State’s Pension Fix- Cash in on Untimely Deaths!



Before watching Michael Moore’s Capitalism:  A Love Story, I could not have imagined it would be legal for a company to take out a life insurance policy on their employees.  Even though you and I can not take out insurance on each other, companies, who the Supreme Court has decided are  people, can do just that.  If the employee then dies an untimely death, the company cashes in, and no they do not share it with the family.  Well guess what?  That is one of the new options for fixing Michigan’s pension system! 

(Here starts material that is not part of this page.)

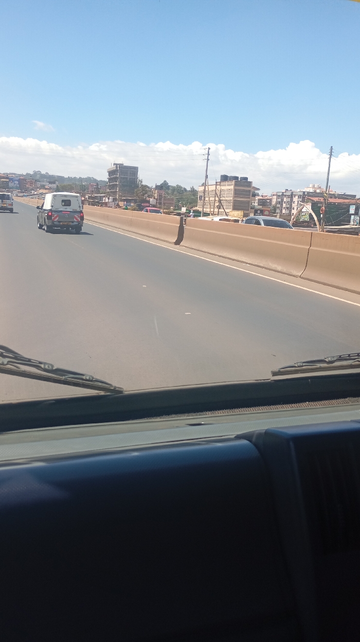 The image depicts a daytime scene from the interior of a vehicle looking forward through the windshield, specifically located in Kinoo ward, Kenya

On February 1st, a work group of eight Republican senators and representatives made recommendations on how to reform the Michigan School Employees Retirement System (MPSERS).   According to the report, the reforms are necessary because the system is 45 billion dollars in the hole.  This is known as an unfunded liability.  The reason that the system is in the hole is because the invested money has not “achieved the assumed rate of return” over the past 10 years.  Basically, the stock market stinks, and the money in the pension program is not growing fast enough.  The work group provides a bunch of options to fix the problem, none of which include raising revenue.  I guess this is when government should not be run like a business.  Anyhow, the first option they give is moving employees over to a defined contribution plan (401K) like most people are shackled with.   So while the stock market created the problem, their answer is to make their employees, instead of the state, be the whipping boys of a rigged market.  If you don’t believe the stock market is rigged, look up micro trading, read the book The Big Short, or read this blog post from the Rolling Stone’s Matt Taibbi.  Almost all the options the work group came up with shift the burden onto their employees.  One option is even more sinister though.  The work group suggests that the state “purchase life insurance on employees and and if proceeds outweigh the cost of insurance, use the potential proceeds to help pay off the unfunded liability.”  So the state is looking to make a bet that some of their employees will die an early and untimely death.  I guess this is what reinvention looks like when you are trying to run government like a Walmart.